[TASK BRIEF] Begin at the line containing "The large light" and restate it and each line after it exactly, up to and including the last line below. Leave pictures out.

[STORED DATA]
+++

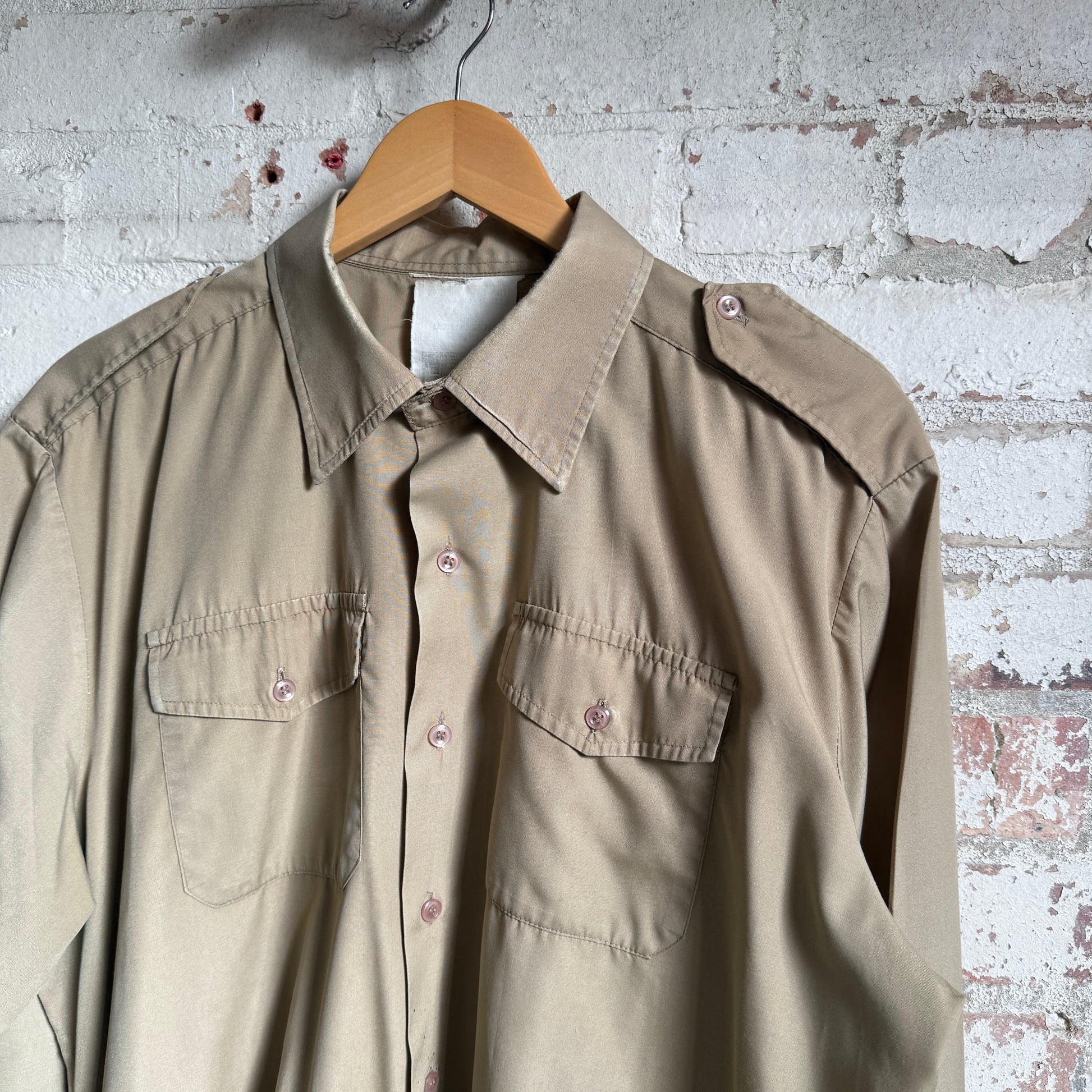 1980s Beige British Military Cotton Button Shirt
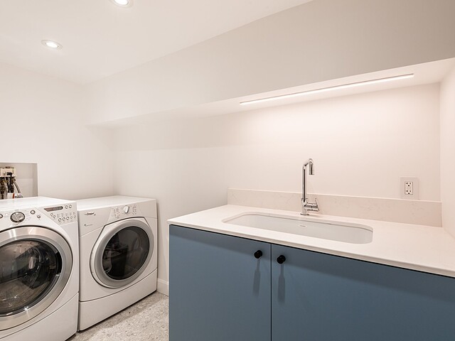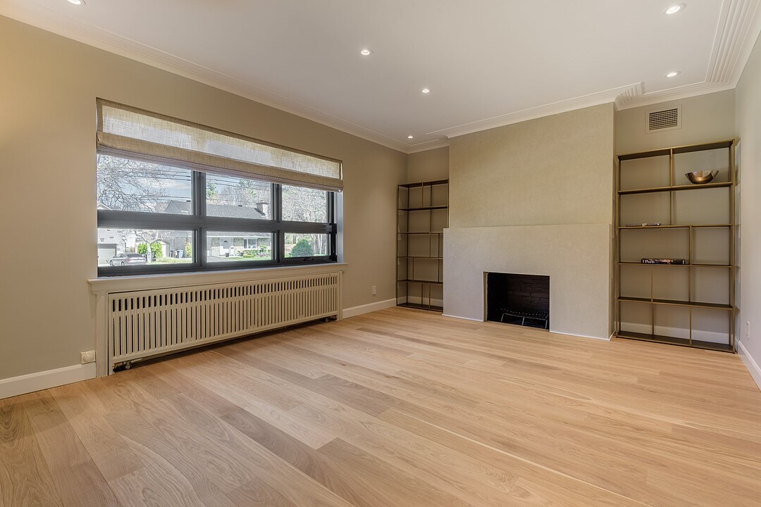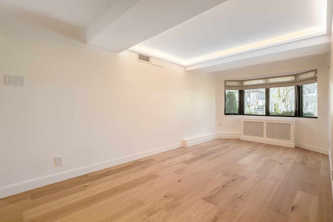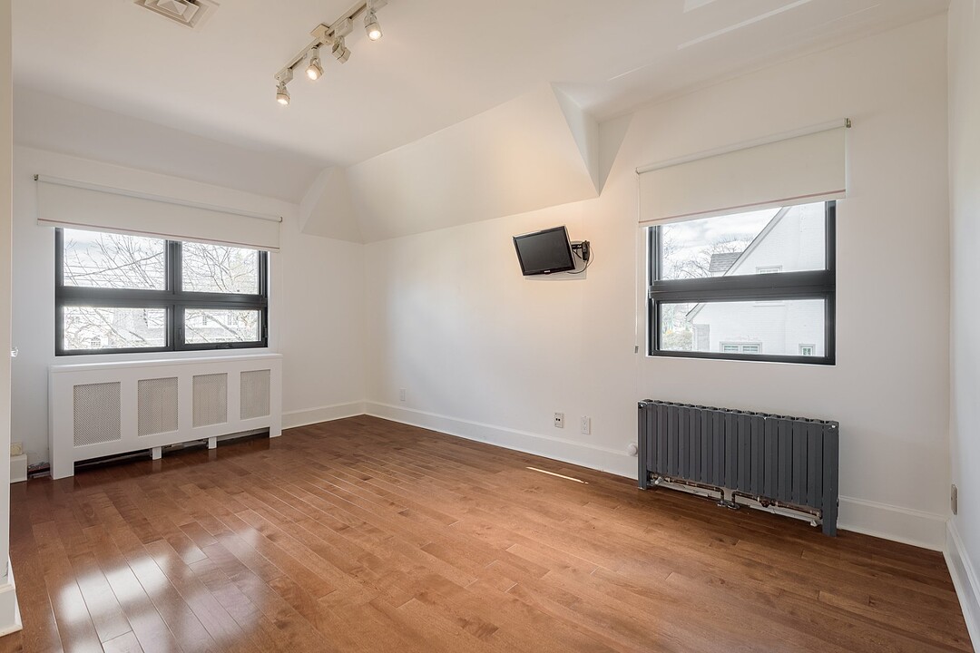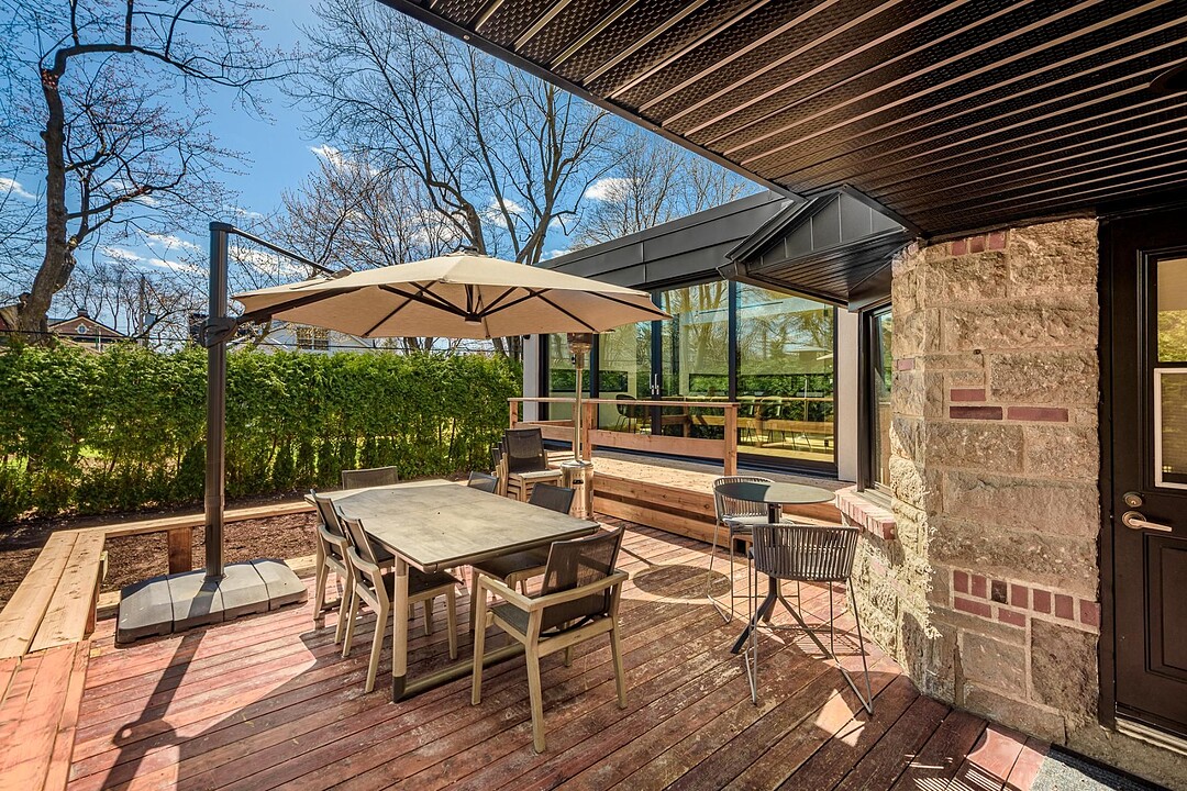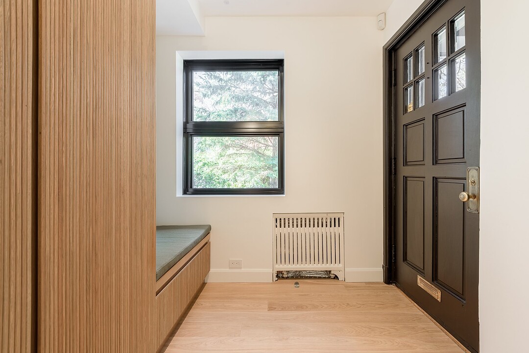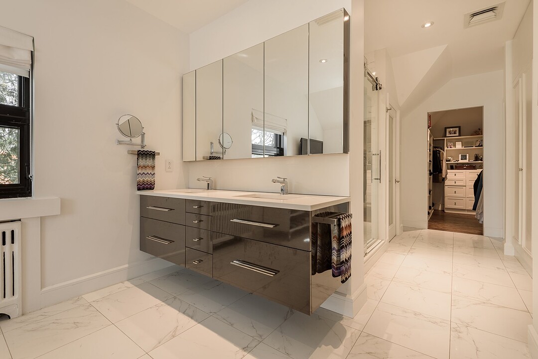 The large light filled dining room/living room area is perfect for intimate dinners or large family events and features double height fenestration with curtain wall glass doors offering garden access. The modern living room features a beautiful contemporary gas fireplace. Another living room or office can be found along the front of the house. Off the kitchen is also a large butlers pantry with another access to the garden. A large mudroom and powder can be found just off the garage which is also conveniently ground level.
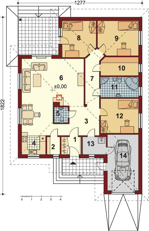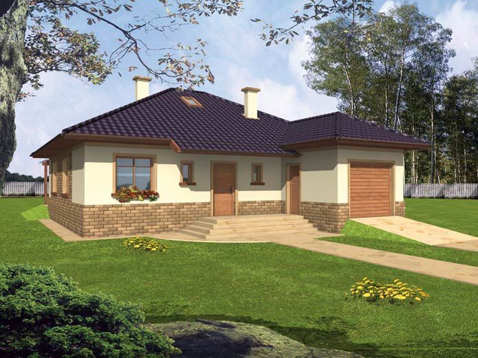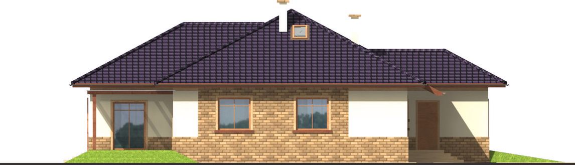 Graficzne opracowanie rzutów poglądowych widocznych na karcie projektu zostało wykonane przez Extradom.pl. Prezentowane przez Extradom.pl wizualizacje wykonane zostały przez autora projektu i należy poczytywać je jedynie za przykład i propozycję wykończenia, wizję architektoniczną autora projektu. Ostateczne wykończenie budynku może nastąpić na wiele sposobów. Szczegółowe rozwiązania zastosowane w oferowanej dokumentacji - w tym również ilość, lokalizacje i wygląd okien, drzwi, kominów - mogą w niewielkim stopniu różnić się od prezentowanej wizualizacji budynku.

+++

[EXPECTED OUTPUT]
 The large light filled dining room/living room area is perfect for intimate dinners or large family events and features double height fenestration with curtain wall glass doors offering garden access. The modern living room features a beautiful contemporary gas fireplace. Another living room or office can be found along the front of the house. Off the kitchen is also a large butlers pantry with another access to the garden. A large mudroom and powder can be found just off the garage which is also conveniently ground level.
 Graficzne opracowanie rzutów poglądowych widocznych na karcie projektu zostało wykonane przez Extradom.pl. Prezentowane przez Extradom.pl wizualizacje wykonane zostały przez autora projektu i należy poczytywać je jedynie za przykład i propozycję wykończenia, wizję architektoniczną autora projektu. Ostateczne wykończenie budynku może nastąpić na wiele sposobów. Szczegółowe rozwiązania zastosowane w oferowanej dokumentacji - w tym również ilość, lokalizacje i wygląd okien, drzwi, kominów - mogą w niewielkim stopniu różnić się od prezentowanej wizualizacji budynku.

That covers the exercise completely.